The method for manufacturing the prepreg is not particularly limited and it is possible to apply various known methods. Examples thereof include a method including a step of impregnating the varnish described above into a sheet-like fiber base material to obtain an impregnated body and a step of heating the obtained impregnated body and drying the solvent included in the varnish.
It is possible to carry out the impregnation of the varnish into the sheet-like fiber base material, for example, by coating a predetermined amount of varnish on the sheet-like fiber base material by a known method such as spray coating, dip coating, roll coating, curtain coating, die coating, and slit coating, overlaying a protective film thereon as necessary, and carrying out pressing with a roller or the like thereon from the upper side.
In addition, the step of heating the impregnated body and drying the solvent included in the varnish described above is not particularly limited and examples thereof include a method such as batchwise drying in air or nitrogen with a blower dryer or drying by heating in a heating furnace in a subsequent step.
In the present embodiment, after the varnish is impregnated into the sheet-like fiber base material, the obtained impregnated body is heated to a predetermined temperature to evaporate the solvent included in the varnish to obtain a prepreg.
As the fibers of the sheet-like fiber base material according to the present embodiment, it is possible to use inorganic and/or organic fibers without particular limitation and examples thereof include organic fibers such as polyethylene terephthalate (PET) fibers, aramid fibers, ultra-high molecular polyethylene fibers, polyamide (nylon) fibers, and liquid crystal polyester fibers; inorganic fibers such as glass fibers, carbon fibers, alumina fibers, tungsten fibers, molybdenum fibers, titanium fibers, steel fibers, boron fibers, silicon carbide fibers, and silica fibers, and the like.
Among these, organic fibers and glass fibers are preferable and aramid fibers, liquid crystal polyester fibers, and glass fibers are preferable. Examples of glass fibers include E glass, NE glass, S glass, D glass, H glass, T glass, and the like.
Impregnation of the varnish into the sheet-like fiber base material is carried out, for example, by immersion and coating. The impregnation may be repeated a plurality of times as necessary.
These sheet-like fiber base materials are able to be used singly or in a combination of two or more and the usage amount of the sheet-like fiber base material is appropriately selected according to demands, but it is usually in a range of 10 to 90% by mass in the prepreg or laminate, preferably 20 to 80% by mass, and more preferably 30 to 70% by mass. Within this range, the dielectric characteristics and the mechanical strength of the obtained laminate are highly balanced, which is preferable.

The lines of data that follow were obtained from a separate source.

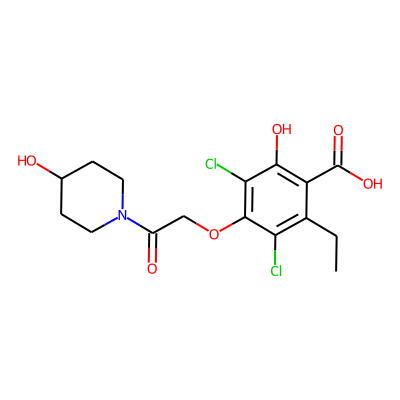 CCc1c(Cl)c(OCC(=O)N2CCC(O)CC2)c(Cl)c(O)c1C(=O)O| HBA: | 7 | RingCount: | 2 |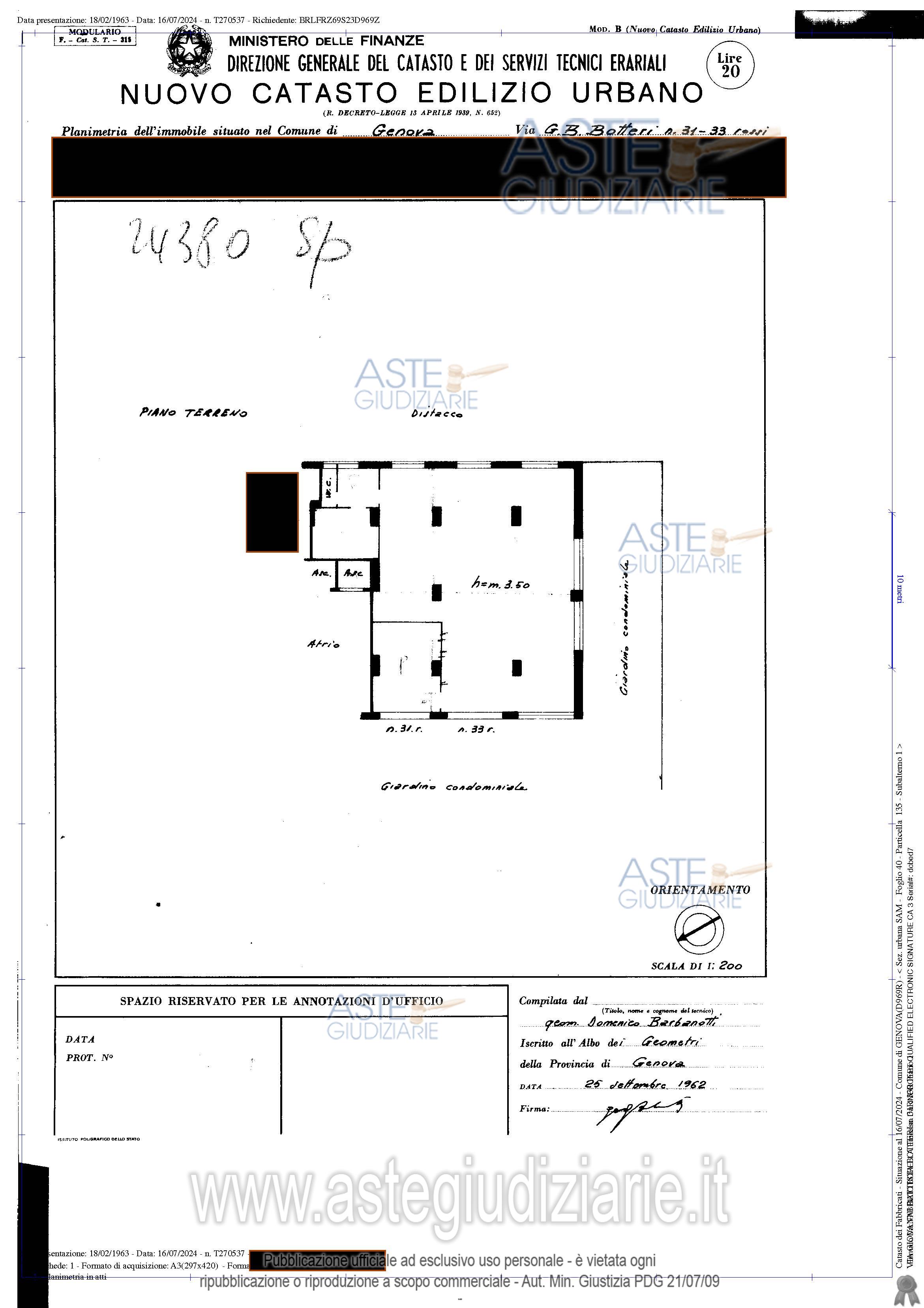 Vendita all'asta Senza incanto, con gara telematica sincrona mista - LOTTO UNICO: Piena proprietà di magazzino sito in Genova, Via G.B. Botteri 31R-33R, piano terra, facente parte del caseggiato distinto con il civico n. 3 di Via Botteri, della superficie convenzionale complessiva di mq. 244,90. Prezzo base € 69.187,50 (offerta minima € 51.890,63). Data vendita 14/11/2025 ore 15:00. Professionista delegato alla vendita Dott. Fabio Gardella - Email "fabio.gardella@genoachambers.it"; Tel. 0105700122. Custode Giudiziario Sovemo - Email "immobiliare@sovemo.com". Rif. Tribunale di Genova - Esecuzione immobiliare post legge 80 n. 428/2019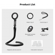 K&F Concept MS35 to elastyczny uchwyt do telefonu z magnetycznym mocowaniem MagSafe, zaprojektowany z myślą o mobilnych twórcach treści. Jego giętkie ramię z aluminiowym rdzeniem i silikonową powłoką pozwala dowolnie kształtować rączkę i ustawiać telefon pod niemal każdym kątem - w pionie, poziomie, a nawet z góry. Dzięki 16 neodymowym magnesom N52, mocowanie MagSafe działa błyskawicznie i stabilnie - bez potrzeby regulacji czy ustawiania zacisków. Uchwyt jest lekki, kompaktowy i gotowy do działania w każdej chwili - w zestawie znajdziesz też pilot Bluetooth, adapter do kamer sportowych oraz metalowy pierścień dla telefonów niewspierających technologii MagSafe.

The thickness of the prepreg according to the present embodiment is appropriately selected according to the purpose of use, but is usually 0.001 to 10 mm, preferably 0.005 to 1 mm, and more preferably 0.01 to 0.5 mm. Within this range, the shaping properties at the time of lamination and the properties such as mechanical strength and toughness of the laminate obtained by curing are sufficiently exhibited, which is preferable.
The cyclic olefin copolymer (P) according to the present embodiment or the cyclic olefin-based resin composition according to the present embodiment is excellent in dielectric characteristics, heat resistance, mechanical properties and the like and is thus able to be suitably used for a circuit substrate.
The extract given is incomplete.